[Task input]

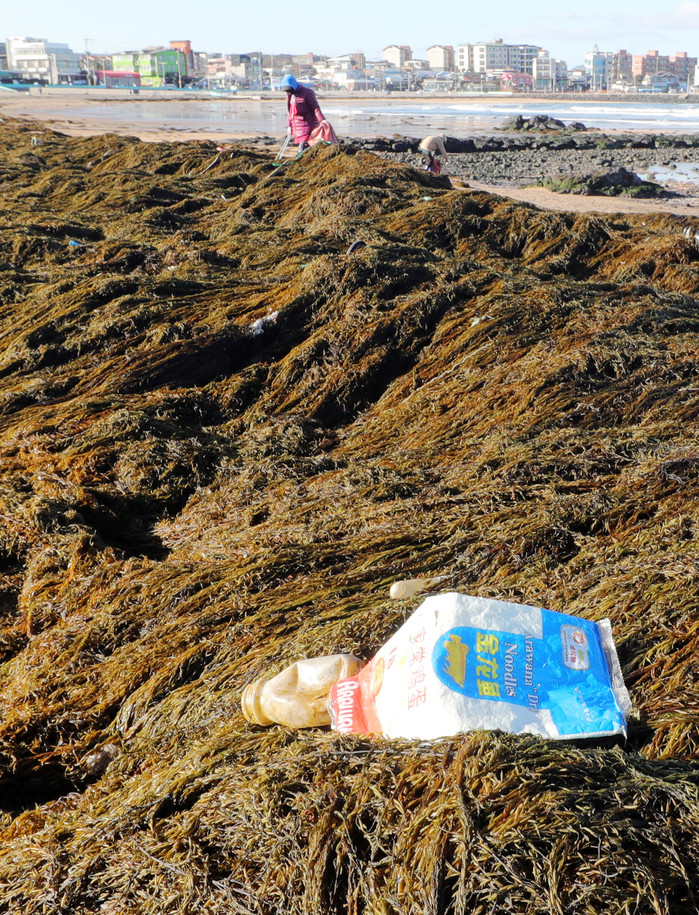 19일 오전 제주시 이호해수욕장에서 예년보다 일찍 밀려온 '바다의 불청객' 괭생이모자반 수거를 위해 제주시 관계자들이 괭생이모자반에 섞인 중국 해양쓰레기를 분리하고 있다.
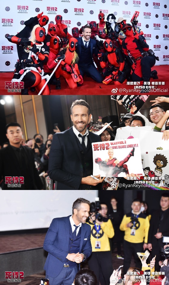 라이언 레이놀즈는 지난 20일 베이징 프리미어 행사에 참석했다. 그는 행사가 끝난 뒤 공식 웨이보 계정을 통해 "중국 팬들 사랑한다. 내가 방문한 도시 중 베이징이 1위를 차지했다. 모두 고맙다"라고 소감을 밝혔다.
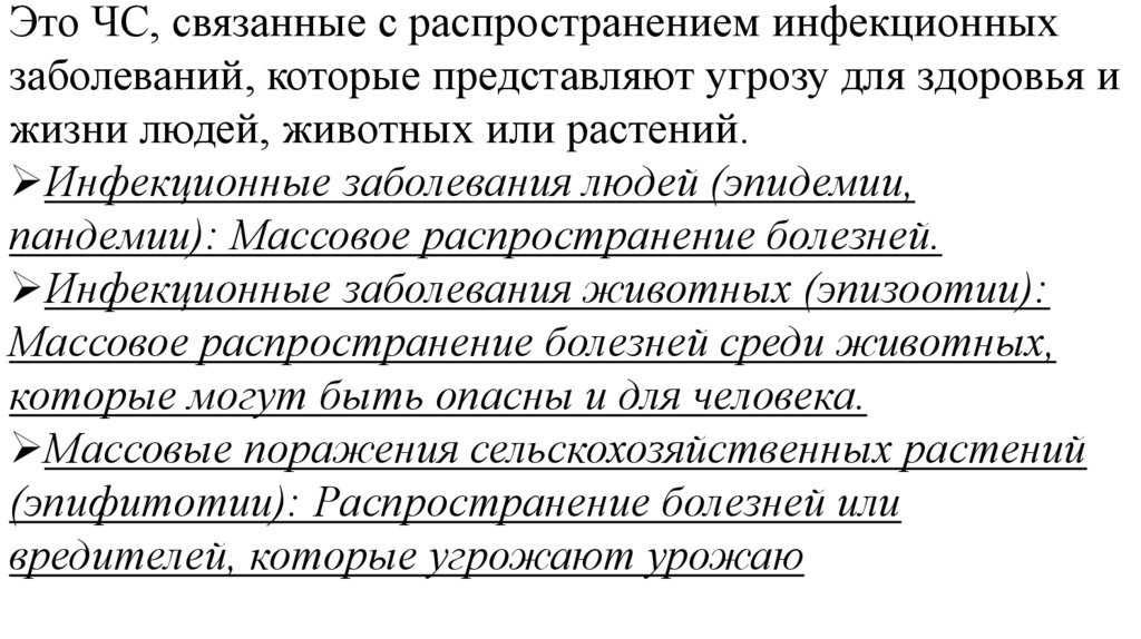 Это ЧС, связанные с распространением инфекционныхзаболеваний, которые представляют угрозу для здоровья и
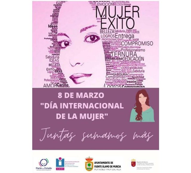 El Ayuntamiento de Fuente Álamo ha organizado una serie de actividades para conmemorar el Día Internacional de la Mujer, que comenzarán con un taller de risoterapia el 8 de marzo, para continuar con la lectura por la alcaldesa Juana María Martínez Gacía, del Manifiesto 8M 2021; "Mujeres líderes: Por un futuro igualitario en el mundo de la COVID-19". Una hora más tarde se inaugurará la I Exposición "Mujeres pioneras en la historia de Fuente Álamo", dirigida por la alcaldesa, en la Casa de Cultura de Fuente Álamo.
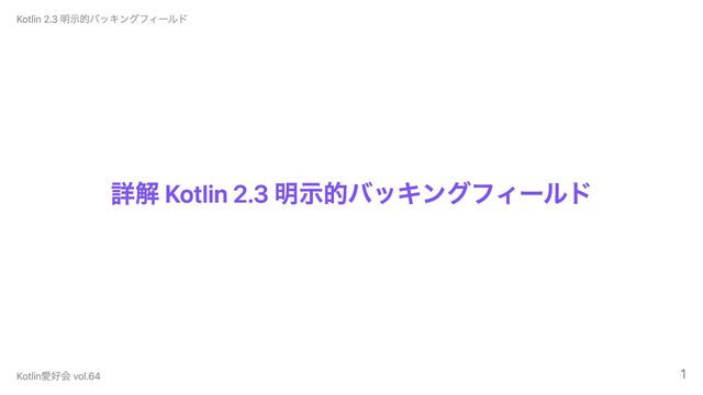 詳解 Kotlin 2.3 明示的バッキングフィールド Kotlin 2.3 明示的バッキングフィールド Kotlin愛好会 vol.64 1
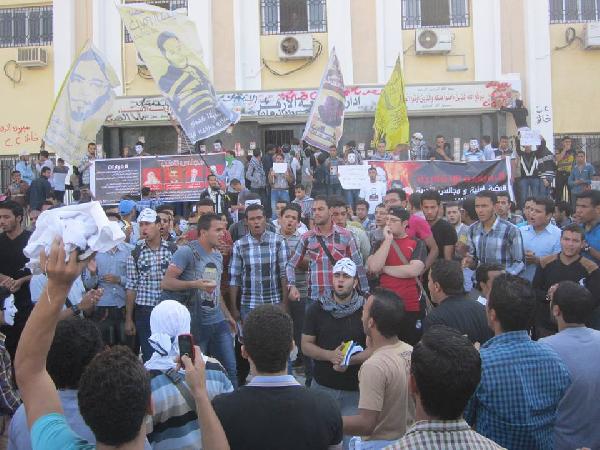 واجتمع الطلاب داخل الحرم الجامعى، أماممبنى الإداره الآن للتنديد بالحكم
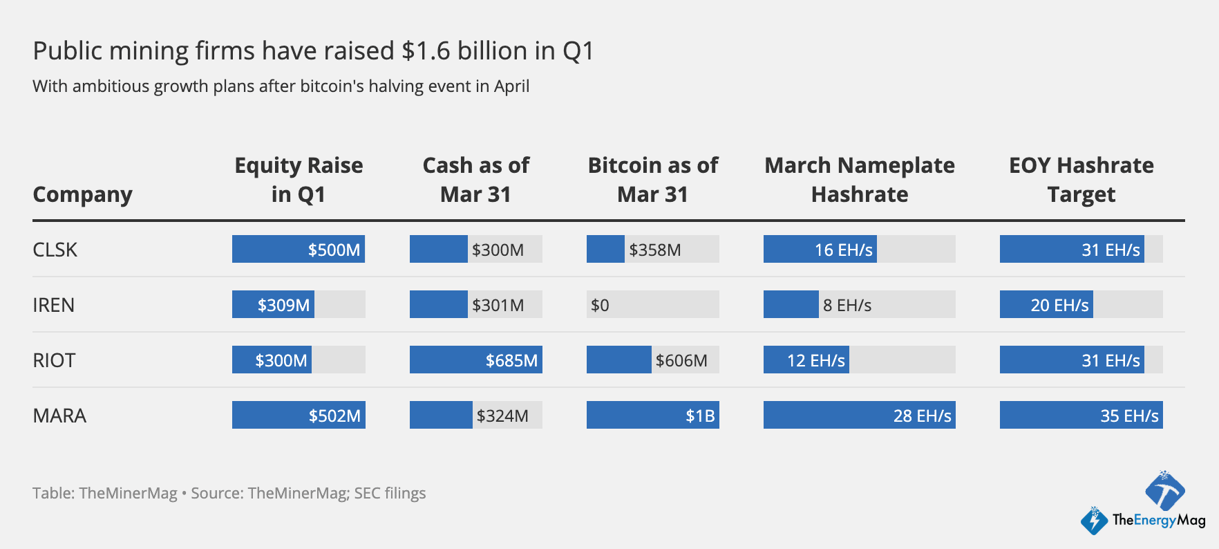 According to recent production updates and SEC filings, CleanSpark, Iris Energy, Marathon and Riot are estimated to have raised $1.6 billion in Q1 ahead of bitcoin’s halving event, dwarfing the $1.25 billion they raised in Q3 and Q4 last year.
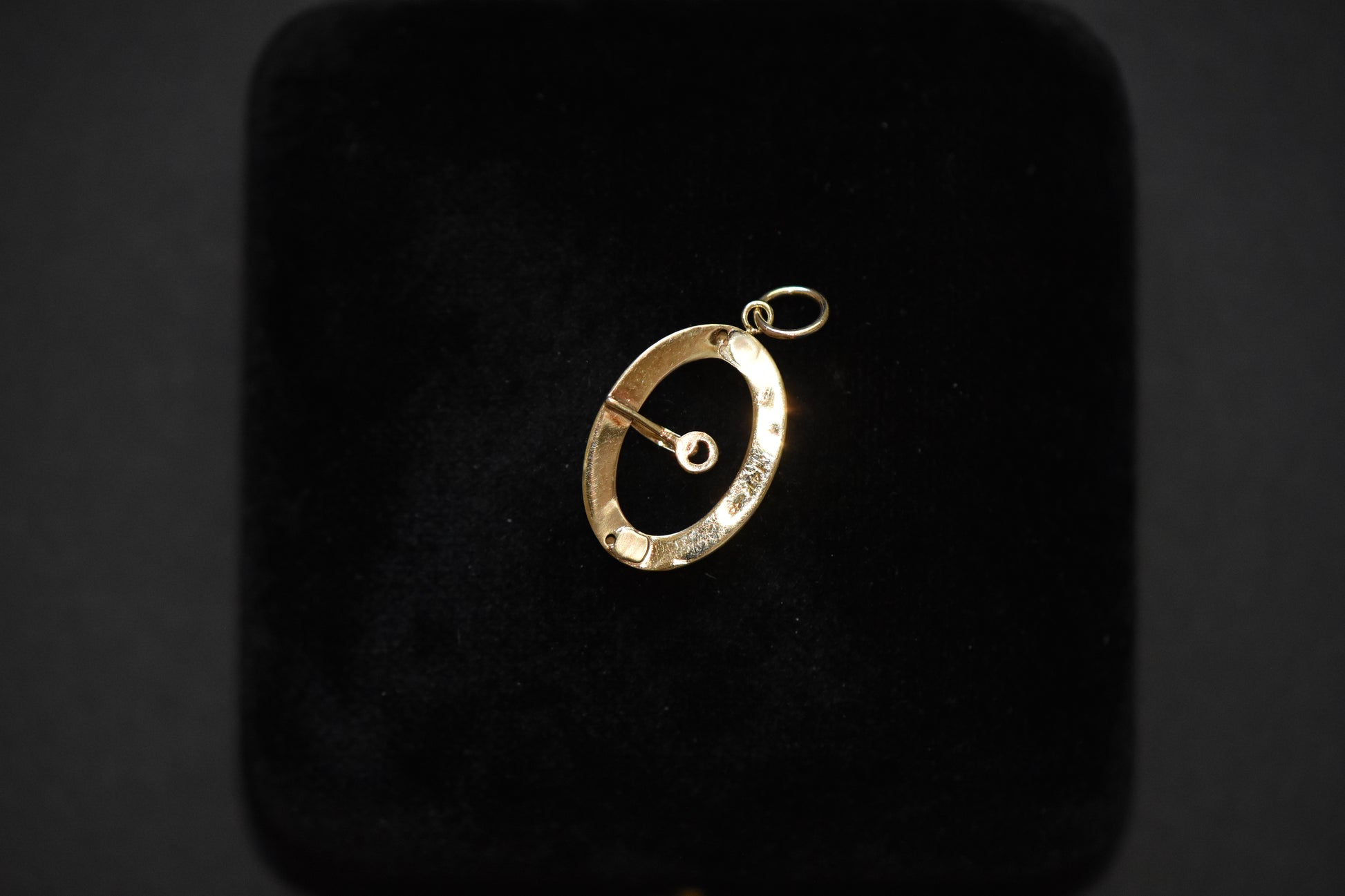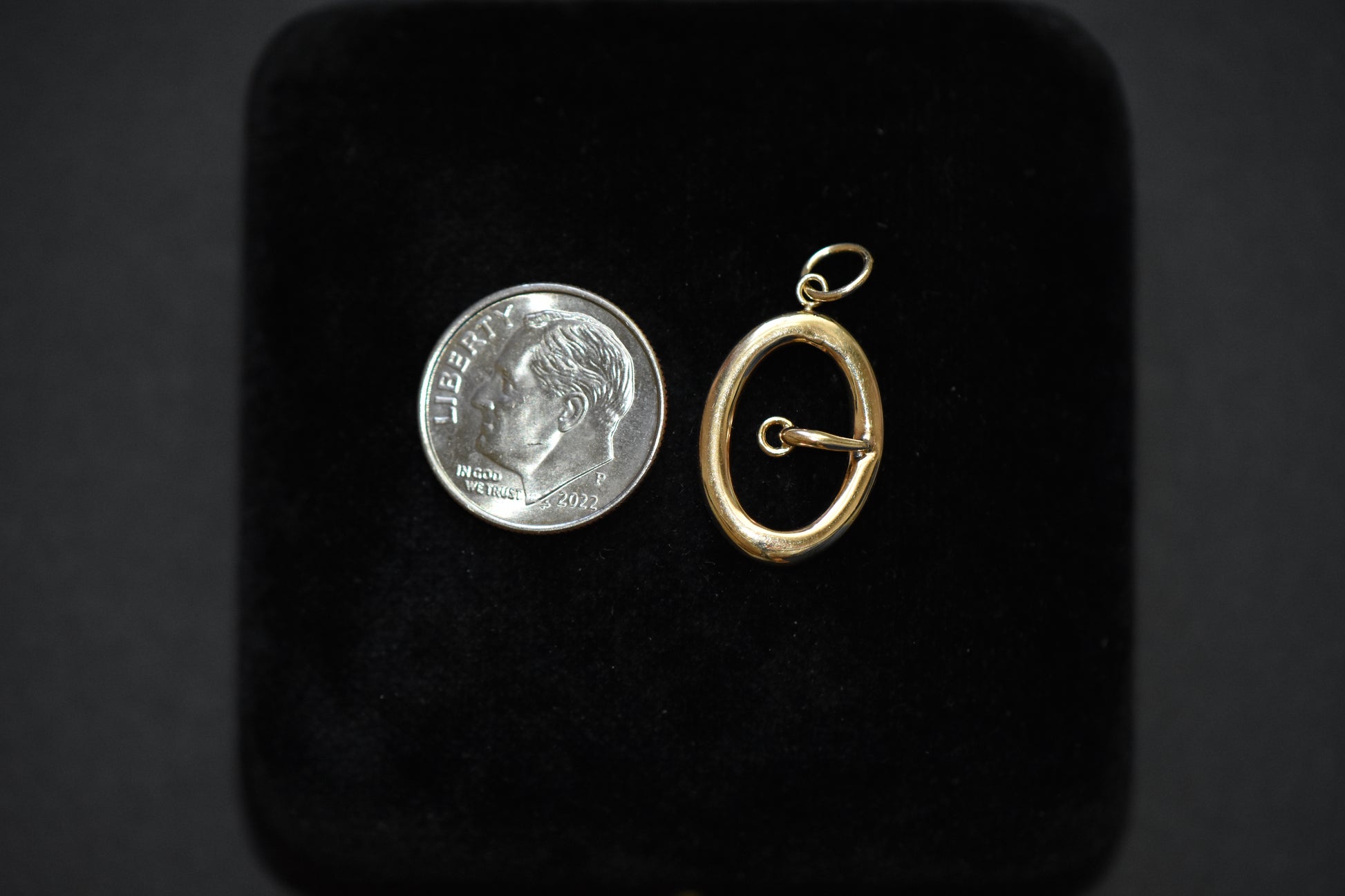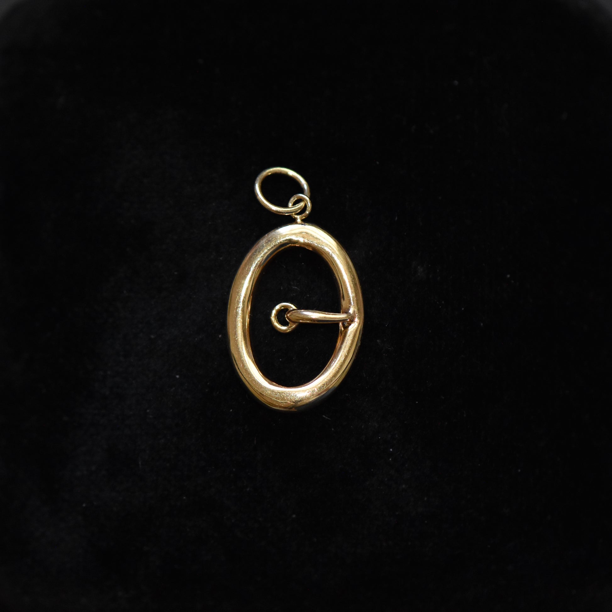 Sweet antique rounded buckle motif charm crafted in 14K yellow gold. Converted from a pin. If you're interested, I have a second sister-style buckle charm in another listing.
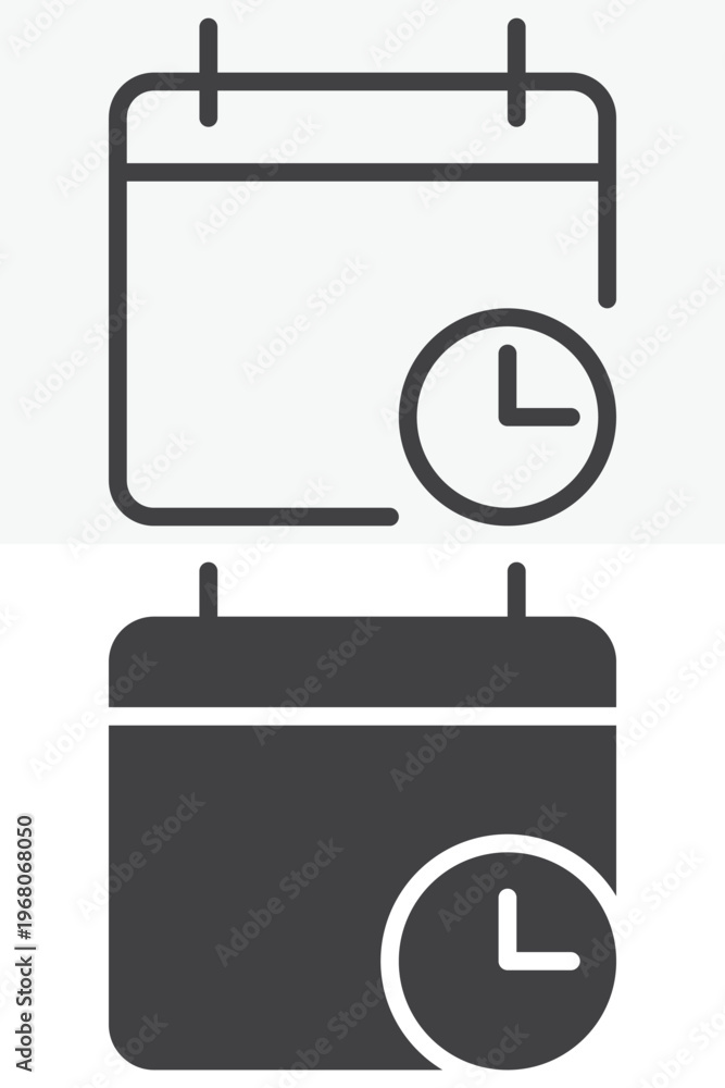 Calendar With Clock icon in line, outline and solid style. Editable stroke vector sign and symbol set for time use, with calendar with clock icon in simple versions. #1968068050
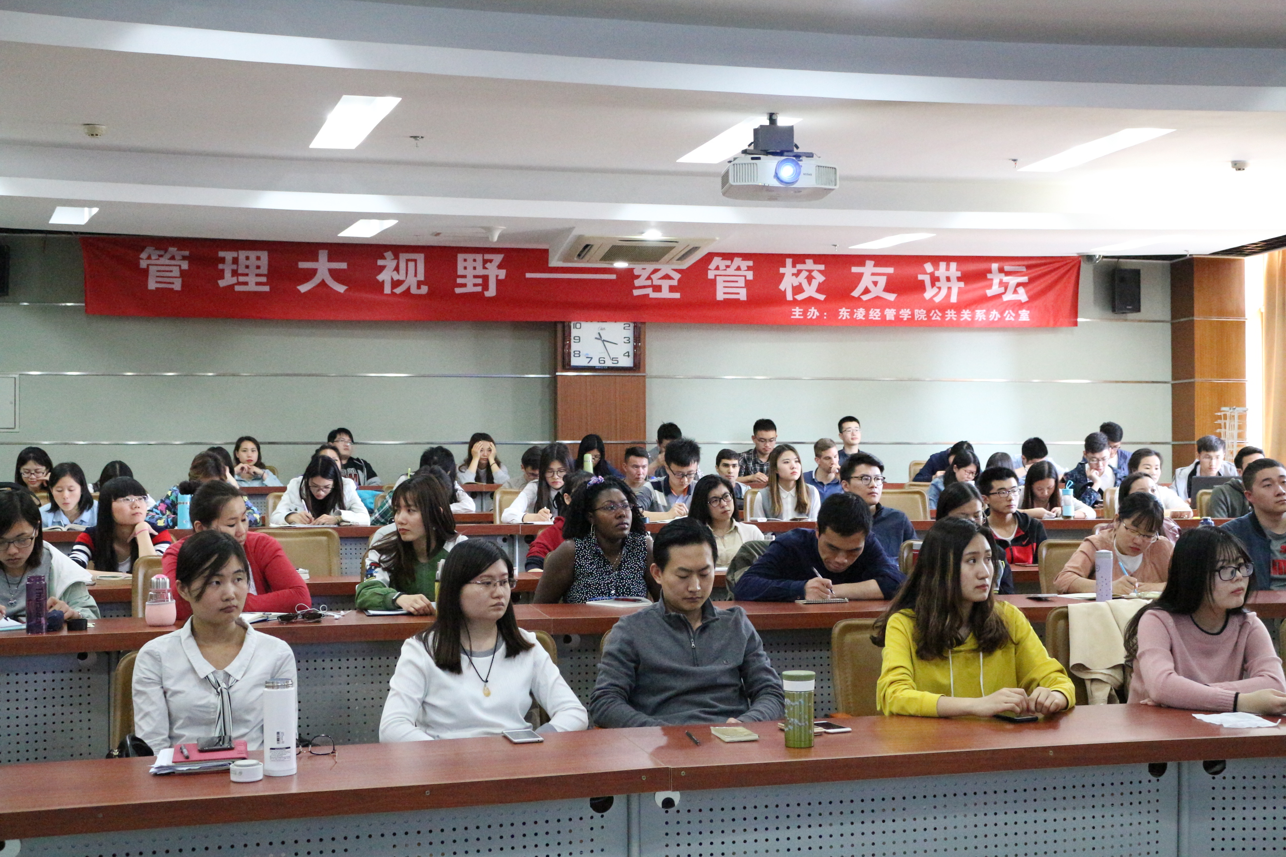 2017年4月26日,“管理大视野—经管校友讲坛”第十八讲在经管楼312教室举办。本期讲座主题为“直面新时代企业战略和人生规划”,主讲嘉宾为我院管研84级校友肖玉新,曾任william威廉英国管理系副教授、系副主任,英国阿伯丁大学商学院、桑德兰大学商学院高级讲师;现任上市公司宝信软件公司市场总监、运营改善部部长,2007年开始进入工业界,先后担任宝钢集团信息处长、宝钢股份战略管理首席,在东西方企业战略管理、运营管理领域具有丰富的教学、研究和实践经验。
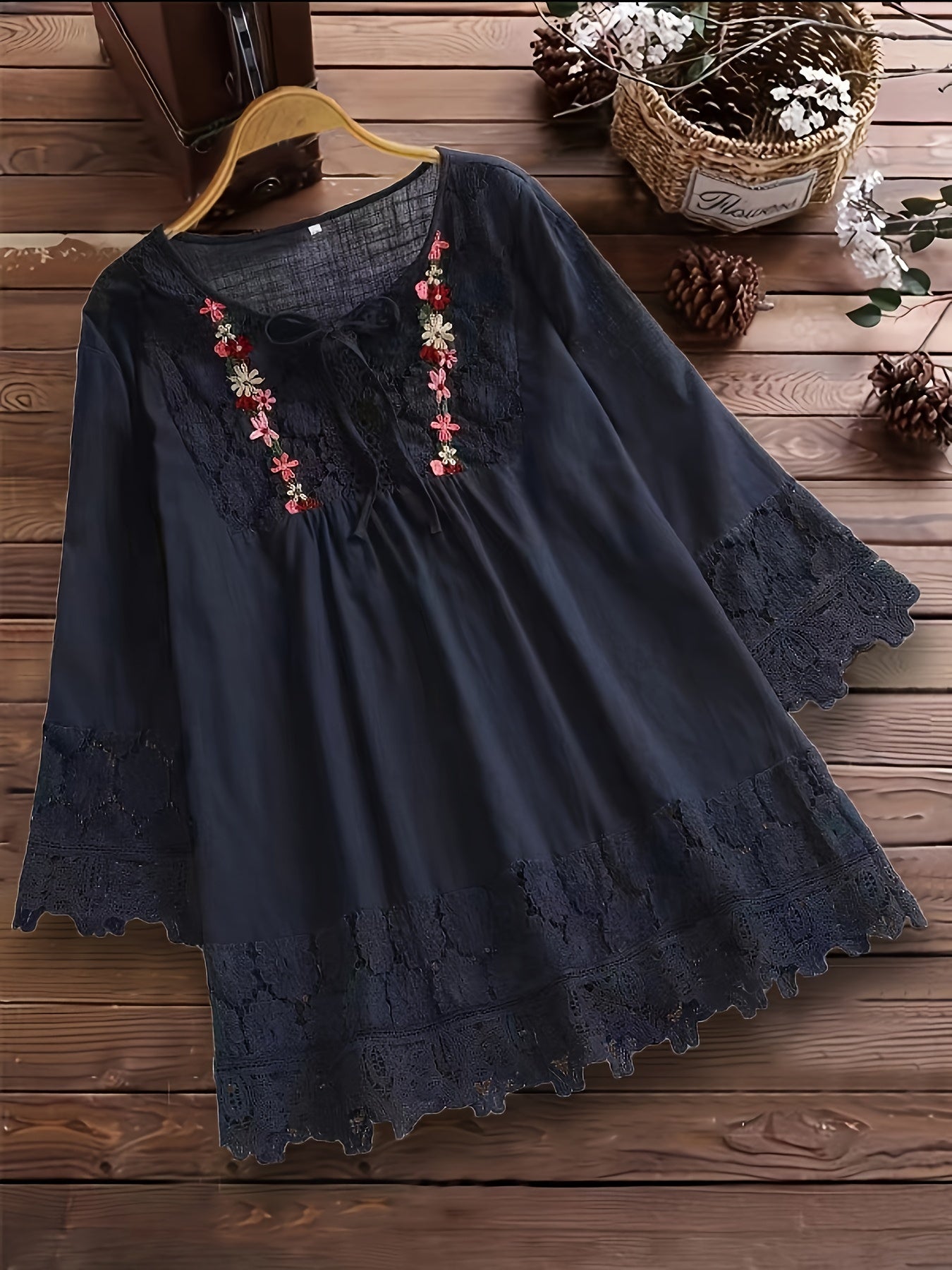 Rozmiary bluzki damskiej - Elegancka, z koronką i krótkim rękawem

[/Task input]

Nothing but the lines from the one containing "라이언 레이놀즈는 지난" through the one containing "واجتمع الطلاب داخل" should appear, copied exactly from the material above and without pictures.

### [Written solution]
 라이언 레이놀즈는 지난 20일 베이징 프리미어 행사에 참석했다. 그는 행사가 끝난 뒤 공식 웨이보 계정을 통해 "중국 팬들 사랑한다. 내가 방문한 도시 중 베이징이 1위를 차지했다. 모두 고맙다"라고 소감을 밝혔다.
 Это ЧС, связанные с распространением инфекционныхзаболеваний, которые представляют угрозу для здоровья и
 El Ayuntamiento de Fuente Álamo ha organizado una serie de actividades para conmemorar el Día Internacional de la Mujer, que comenzarán con un taller de risoterapia el 8 de marzo, para continuar con la lectura por la alcaldesa Juana María Martínez Gacía, del Manifiesto 8M 2021; "Mujeres líderes: Por un futuro igualitario en el mundo de la COVID-19". Una hora más tarde se inaugurará la I Exposición "Mujeres pioneras en la historia de Fuente Álamo", dirigida por la alcaldesa, en la Casa de Cultura de Fuente Álamo.
 詳解 Kotlin 2.3 明示的バッキングフィールド Kotlin 2.3 明示的バッキングフィールド Kotlin愛好会 vol.64 1
 واجتمع الطلاب داخل الحرم الجامعى، أماممبنى الإداره الآن للتنديد بالحكم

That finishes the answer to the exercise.